But I know that isn't true.
I am sure it was Polma who hung up on me.
The question was: Why? She'd written to me welcoming me into the family. I'd written in my letter that I was sad that the spelling of our name got changed from Cutuli, and she'd started her letter:
Cara Joan Cutuli....
From the moment I read this, I was sure we'd become great friends.
When I wrote back that I was coming and she called me to say she hoped I would come, I could feel the connection on the phone. We were on an adventure of discovery together.
When I called Polma from Florence in 2011, I said I didn't know where I would sleep in Maierato. Was there a hotel?
She said I could stay with them. But the day before I was to fly down to Calabria, she called to say there'd been a death in the family. She and her mother were going to Canada. There was no one in Maierato "to help me." It struck me then as a strange phrase. I would need help with Maierato. Now I know what she meant.
She said after that call that she would phone me from Canada when I got home. She never did.
When I wrote again in 2012 that I was coming, she never responded. Yet when I called from Rome, she sounded quite enthusiastic. So when someone hung up on me, I figured I'd called the wrong number. But then when there was no answer for a day and a half, I realized it had all gone wrong. Why? Italian friends at home and in Italy had said I would be greeted with open arms and tables filled with food. Nothing was more exciting than Italians than welcoming someone who cared so much about family. There was even the MasterCard commercial about how making such a trip, despite the cost, was priceless.

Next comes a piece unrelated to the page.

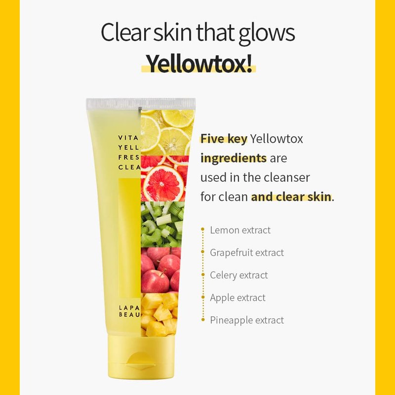 - VITA YELLOW FRESH CLEANSER WITH FIVE KEY YELLOWTOX INGREDIENTS: Lemon, Grapefruit, Celery, Apple, And Pineapple Extract For Clean And Clear Skin.

So, I thought, to hell with her. I'd just scrap the trip to Maierato and hang out in Lamezia for a couple of days...but then I thought, hey why not just go to Pizzo, see what's going on there. The train from Rome had been so relaxing and enjoyable.
After we returned from Maierato, Tony and Carmelina dropped me off at a restaurant in Pizzo. After lunch, I felt agitated. I had nearly two hours until train time. It was perhaps a ten-minute drive along the coast to the station. Tony had promised to leave work to pick me up. But he wasn't answering his phone. I grew panicky. I tried to walk, but the road had no sidewalk, and the long way felt too dangerous. I was also tired. Emotionally drained. The owner of the restaurant was Tony's friend. He'd told her to take care of me. She did, driving me back to the train station. I figured I'd knock on Tony's door to tell Mariateresa that I'd gotten a ride back.
But the next thing I knew I was invited in. Tony was out. Carmelina was there with Mariateresa, her mother named Teresa, and the three kids. Did I want coffee? Perhaps some chocolate. Use of the bathroom. We began talking...in Italian...about my day. Somehow the words were there to express the emptiness and disappointment. They asked about my family in America and my life there. Mariateresa checked out m my Web site. Then I brought forth my iPad to show pictures of my family that I'd planned to show Polma. This family was delighted by them, asking questions and getting all the relationships straight. Little Nicole was more interested in the iPad and wanted to get her nursery-school hands on it. So we decided to take a picture.
Tony came home. Everyone was talking. A real Italian family. Tony friended me on Facebook. I kidded around about whether to accept. I did, and then he sent me a friend request from Mariateresa. She liked my profile picture. Then she tried to figure out how to get a translation of my blog.
This was the family I'd been looking for. Tony took out pictures Nicole had drawn and showed me the drawings of Papa and Mamma. He was such a proud Papa, beaming as Nicole explained all her little drawings to me. She's four, and Tony helped us both with our language. When little Francesco started crying, Tony held him. And baby Rebecca got handed around from Nonna Teresa to Nonna Carmelina.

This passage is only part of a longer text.